There are many companies that could benefit if the Bank of England meets expectations at noon in London  - 7 a.m. Eastern time - and cuts interest rates for the first time in more than seven years.  But London's banks won't be among those.

The central bank is widely expected to opt for a quarter-point cut to 0.25%  in response to a slowdown triggered by the U.K's vote to leave the  EU and what many predict, is a recession in the making.

But shares of the larger U.K banks were up during early London trading. HSBC (HSBC) was leading the board with a gain of 1.6%, to 500 pence ($6.50), followed by Barclays (BCS) , Royal Bank of Scotland (RBS) and Lloyds (LLY - Get Report) .

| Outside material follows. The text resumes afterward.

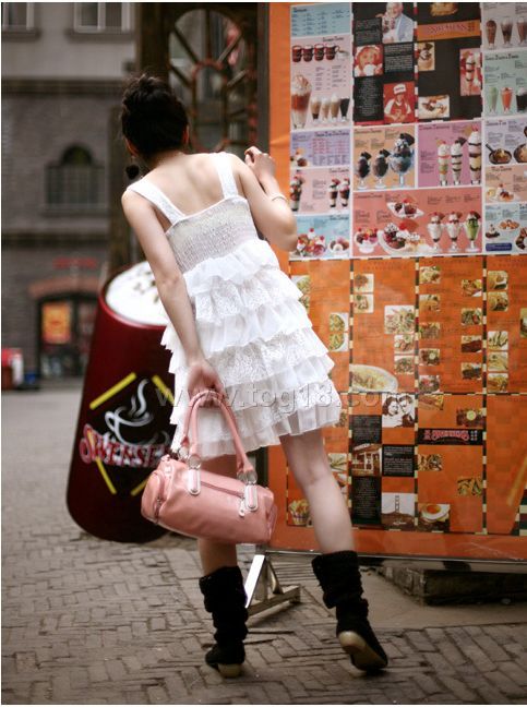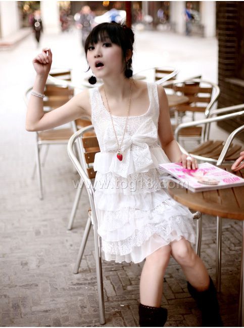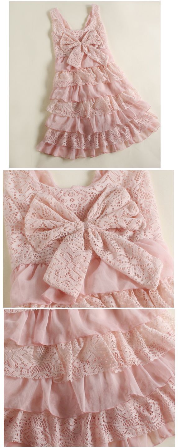 甜美公主大蝴蝶結層層雪紡蕾絲蛋糕裙

With net-interest margins at or close to historic lows and investment banking businesses out of favour, earnings growth at U.K. banks has tended to be driven by expanded loan books, write-backs from falling loan impairments and stable-moderately lower litigation costs.

It seems that the best the sector can hope for in Thursday's announcement is to be able to somehow neutralise any effect on profitability from the Bank of England decision, although how this will be achieved remains to be seen.

Barclays CEO Jes Staley said on July 25 that zero and negative interest rates are ineffective in addressing weakness in the economy, but highly destructive for the financial systems which are subject to them.

Staley also advocated against jumping to too quick a judgement on the likely effects of the referendum on the long- term health of the British economy.

If the MPC does cut rates on Thursday then the move will leave the bank rate just 25 basis points above zero and, with year-on-year inflation running at 0.5%, it will force the U.K's real interest rate into negative territory for the first time in history.

In a sign of what might be to come if the BoE does drive rates lower, the Royal Bank of Scotland is reported to have written to business customers at the end of July notifying them of a change to its terms and conditions. The changes will now allow the bank to charge negative interest rates on business deposits.

In a low or negative interest-rate environment, domestic banks without overseas assets will be the most exposed to margin and profitability pressures, although the problem will be magnified for challenger banks whose smaller scale makes it harder for them to grow when profit is under pressure.

Share of challenger banks were all lower in early trading, with OneSavings Bank (OSVBF) leading the decline and trading down 1.9% at 203.0 pence. Virgin Money (VRGDF) , Metro Bank (MBNKF) and Shawbrook were all down by around 0.5%.